*YOUR INSTRUCTIONS*.
Using the data below, reproduce exactly the lines from the line with "RECHARGEABLE SPEAKER: Bluetooth" to the line with "Variant DetailsVariant: nssv705793|", both included; pictures must be dropped.

*INPUT*.
.....

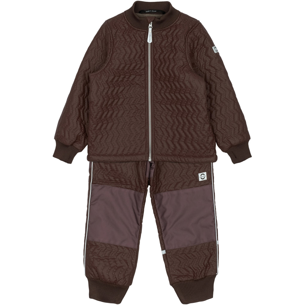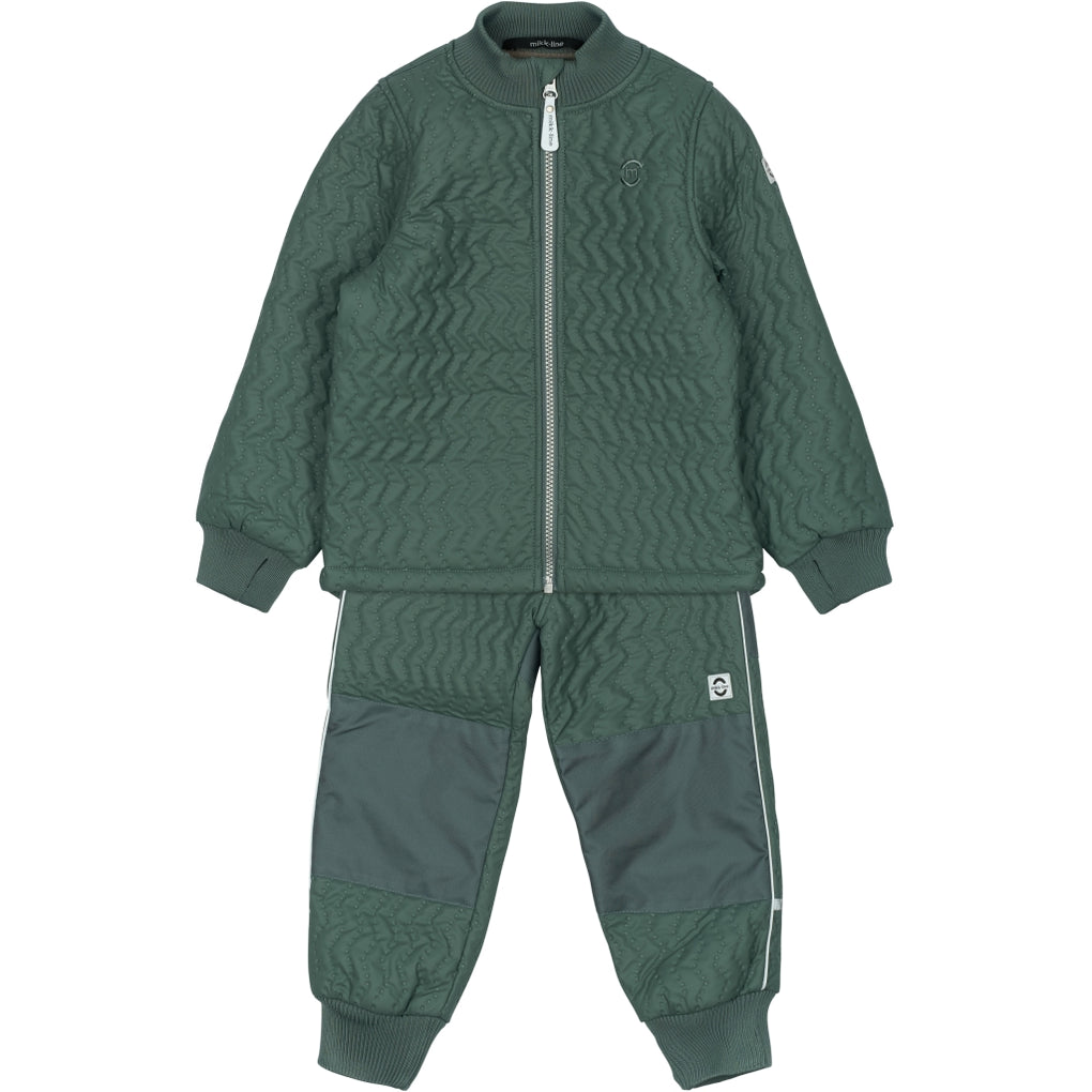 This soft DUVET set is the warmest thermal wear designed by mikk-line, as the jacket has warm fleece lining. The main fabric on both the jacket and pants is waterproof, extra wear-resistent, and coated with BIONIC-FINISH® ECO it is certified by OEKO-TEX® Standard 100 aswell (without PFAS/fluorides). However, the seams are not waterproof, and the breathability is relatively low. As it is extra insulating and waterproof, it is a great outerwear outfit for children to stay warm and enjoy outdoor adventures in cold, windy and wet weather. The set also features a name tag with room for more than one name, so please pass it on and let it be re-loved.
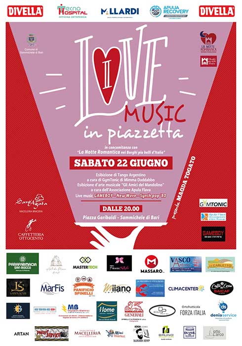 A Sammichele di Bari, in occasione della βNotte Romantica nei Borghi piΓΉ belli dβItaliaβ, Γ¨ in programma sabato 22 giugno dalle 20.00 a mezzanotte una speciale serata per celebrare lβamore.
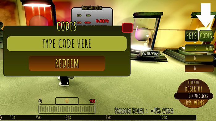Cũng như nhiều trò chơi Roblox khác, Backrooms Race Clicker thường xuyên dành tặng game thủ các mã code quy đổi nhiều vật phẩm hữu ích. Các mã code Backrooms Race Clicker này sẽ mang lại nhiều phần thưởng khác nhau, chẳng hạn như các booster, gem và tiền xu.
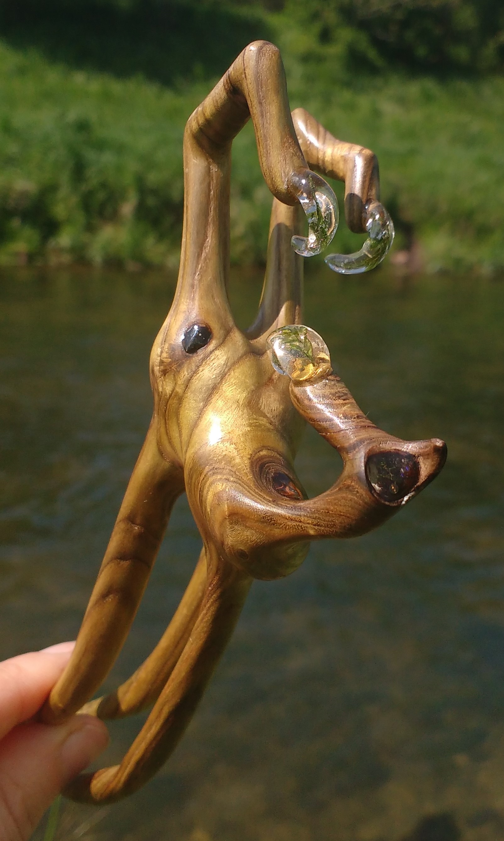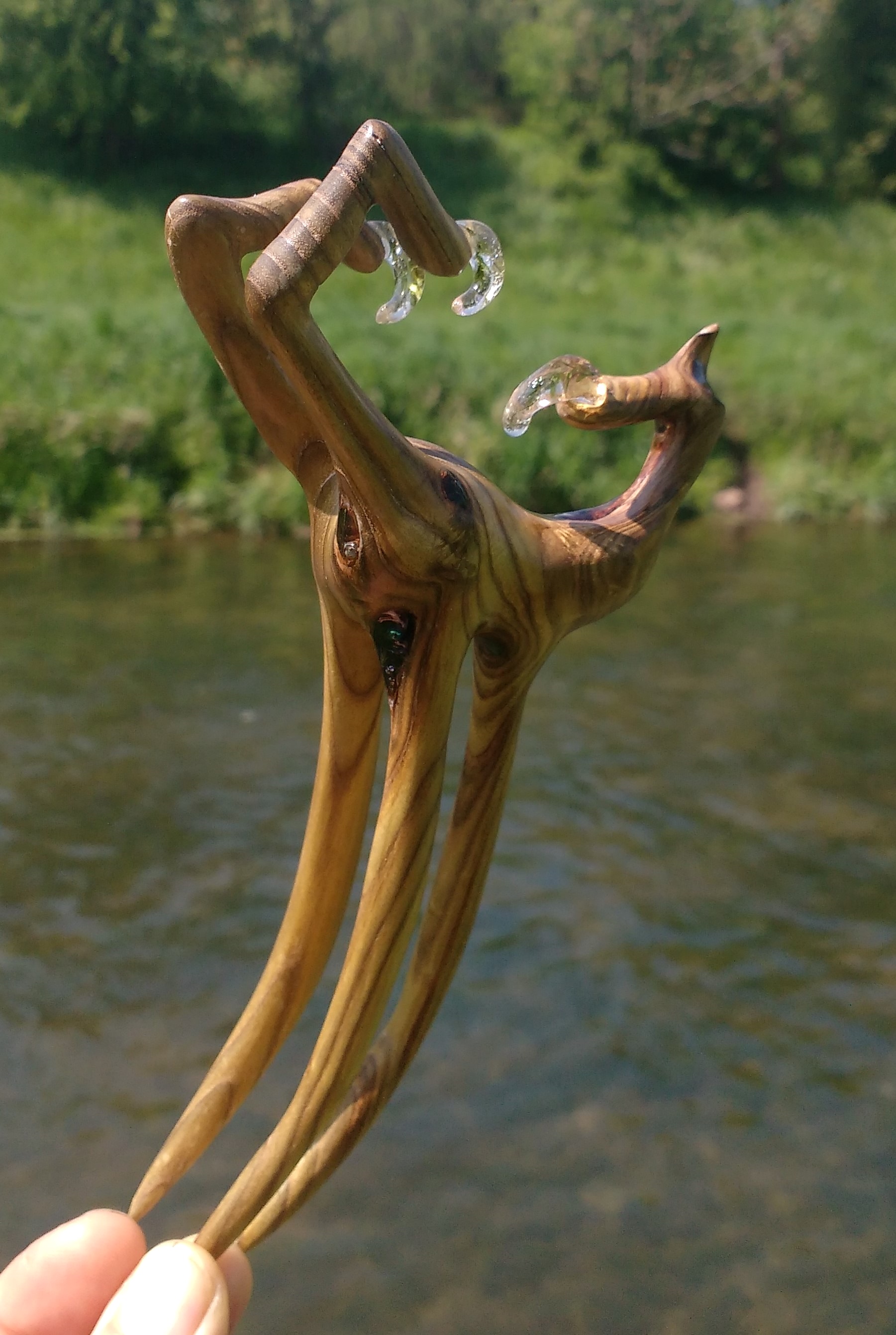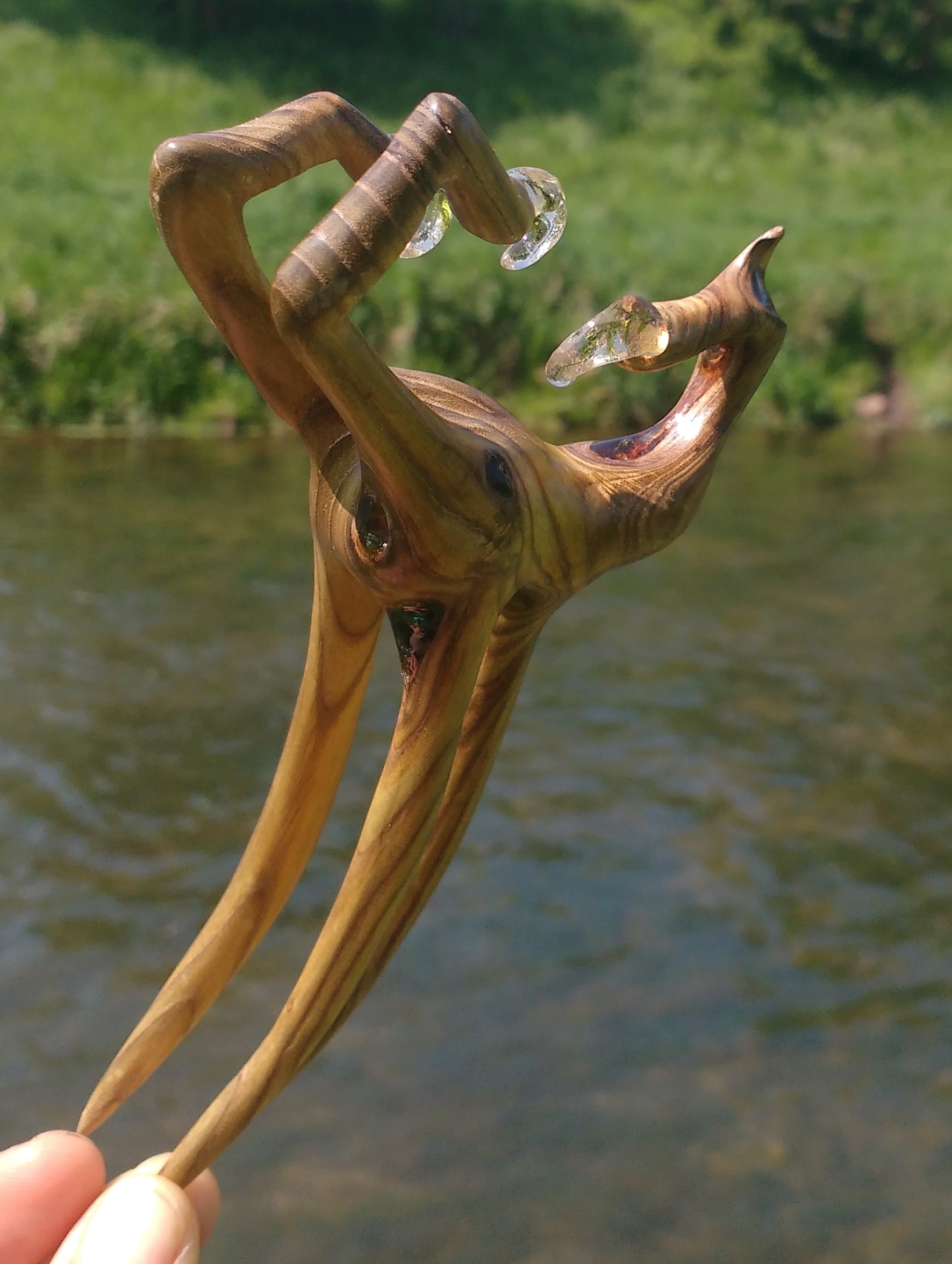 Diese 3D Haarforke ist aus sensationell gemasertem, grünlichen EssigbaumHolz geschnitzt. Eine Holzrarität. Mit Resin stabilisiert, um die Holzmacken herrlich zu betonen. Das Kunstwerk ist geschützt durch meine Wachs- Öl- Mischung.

.....

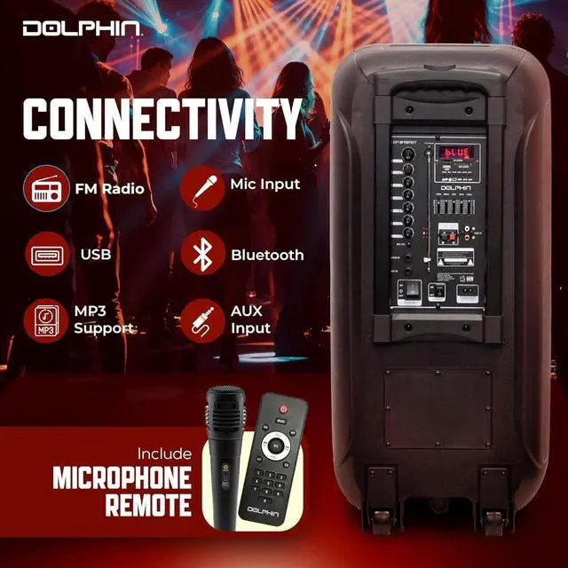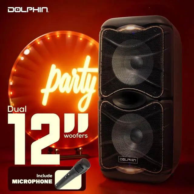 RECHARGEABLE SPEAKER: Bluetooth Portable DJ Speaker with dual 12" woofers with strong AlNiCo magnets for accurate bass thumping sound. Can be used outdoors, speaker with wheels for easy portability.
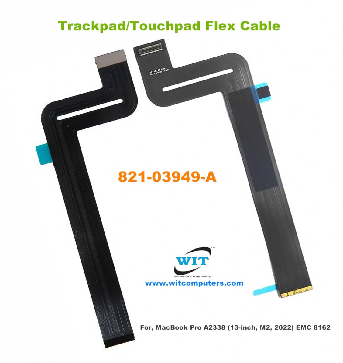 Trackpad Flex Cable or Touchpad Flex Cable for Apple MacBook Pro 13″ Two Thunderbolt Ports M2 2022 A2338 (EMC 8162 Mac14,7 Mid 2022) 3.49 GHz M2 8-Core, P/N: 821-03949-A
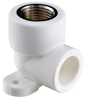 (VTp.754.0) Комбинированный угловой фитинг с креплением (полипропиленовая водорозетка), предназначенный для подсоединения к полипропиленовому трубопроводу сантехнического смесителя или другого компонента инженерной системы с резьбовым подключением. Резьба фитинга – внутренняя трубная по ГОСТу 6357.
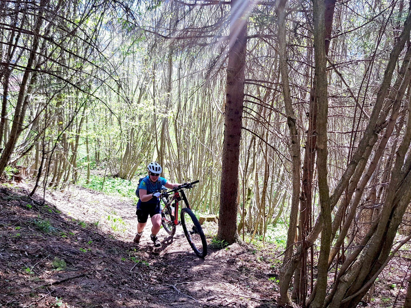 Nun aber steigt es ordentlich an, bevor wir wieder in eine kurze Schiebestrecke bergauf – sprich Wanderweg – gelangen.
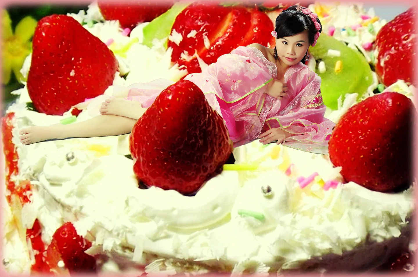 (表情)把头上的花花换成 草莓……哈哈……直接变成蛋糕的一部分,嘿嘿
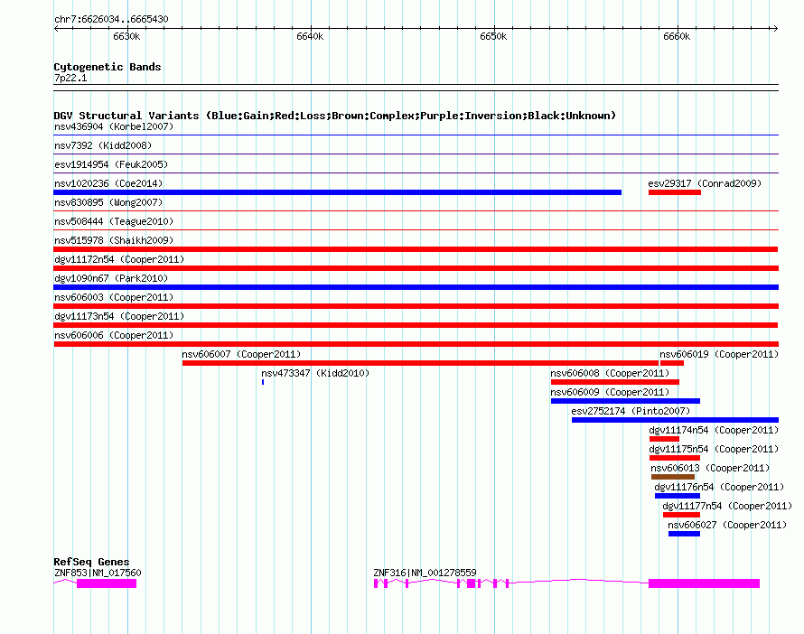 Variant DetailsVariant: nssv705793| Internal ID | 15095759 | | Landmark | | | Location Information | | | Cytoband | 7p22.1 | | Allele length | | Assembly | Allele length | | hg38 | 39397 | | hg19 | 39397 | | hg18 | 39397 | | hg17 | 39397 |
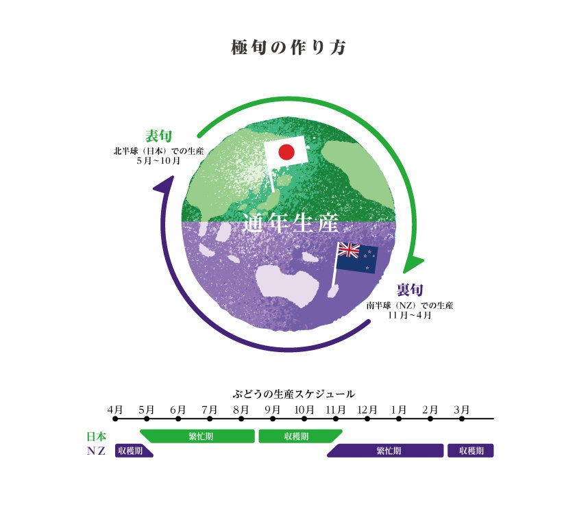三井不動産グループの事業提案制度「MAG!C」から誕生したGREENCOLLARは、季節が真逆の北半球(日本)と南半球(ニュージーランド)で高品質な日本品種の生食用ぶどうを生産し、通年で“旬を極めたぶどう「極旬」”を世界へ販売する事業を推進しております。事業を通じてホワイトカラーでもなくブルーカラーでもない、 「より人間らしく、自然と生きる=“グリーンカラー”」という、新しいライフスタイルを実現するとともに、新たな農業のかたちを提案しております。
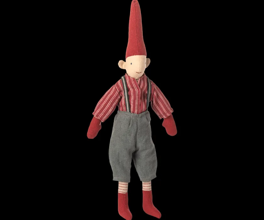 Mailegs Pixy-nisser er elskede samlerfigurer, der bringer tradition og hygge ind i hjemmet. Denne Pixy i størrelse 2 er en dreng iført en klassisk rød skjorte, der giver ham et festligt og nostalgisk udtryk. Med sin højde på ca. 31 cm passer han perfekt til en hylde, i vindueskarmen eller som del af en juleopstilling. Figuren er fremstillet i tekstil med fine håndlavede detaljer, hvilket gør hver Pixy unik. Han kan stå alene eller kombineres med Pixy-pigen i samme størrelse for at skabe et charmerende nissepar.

.....

*REPLY TO THE EXERCISE*.
 RECHARGEABLE SPEAKER: Bluetooth Portable DJ Speaker with dual 12" woofers with strong AlNiCo magnets for accurate bass thumping sound. Can be used outdoors, speaker with wheels for easy portability.
 Trackpad Flex Cable or Touchpad Flex Cable for Apple MacBook Pro 13″ Two Thunderbolt Ports M2 2022 A2338 (EMC 8162 Mac14,7 Mid 2022) 3.49 GHz M2 8-Core, P/N: 821-03949-A
 (VTp.754.0) Комбинированный угловой фитинг с креплением (полипропиленовая водорозетка), предназначенный для подсоединения к полипропиленовому трубопроводу сантехнического смесителя или другого компонента инженерной системы с резьбовым подключением. Резьба фитинга – внутренняя трубная по ГОСТу 6357.
 Nun aber steigt es ordentlich an, bevor wir wieder in eine kurze Schiebestrecke bergauf – sprich Wanderweg – gelangen.
 (表情)把头上的花花换成 草莓……哈哈……直接变成蛋糕的一部分,嘿嘿
 Variant DetailsVariant: nssv705793| Internal ID | 15095759 | | Landmark | | | Location Information | | | Cytoband | 7p22.1 | | Allele length | | Assembly | Allele length | | hg38 | 39397 | | hg19 | 39397 | | hg18 | 39397 | | hg17 | 39397 |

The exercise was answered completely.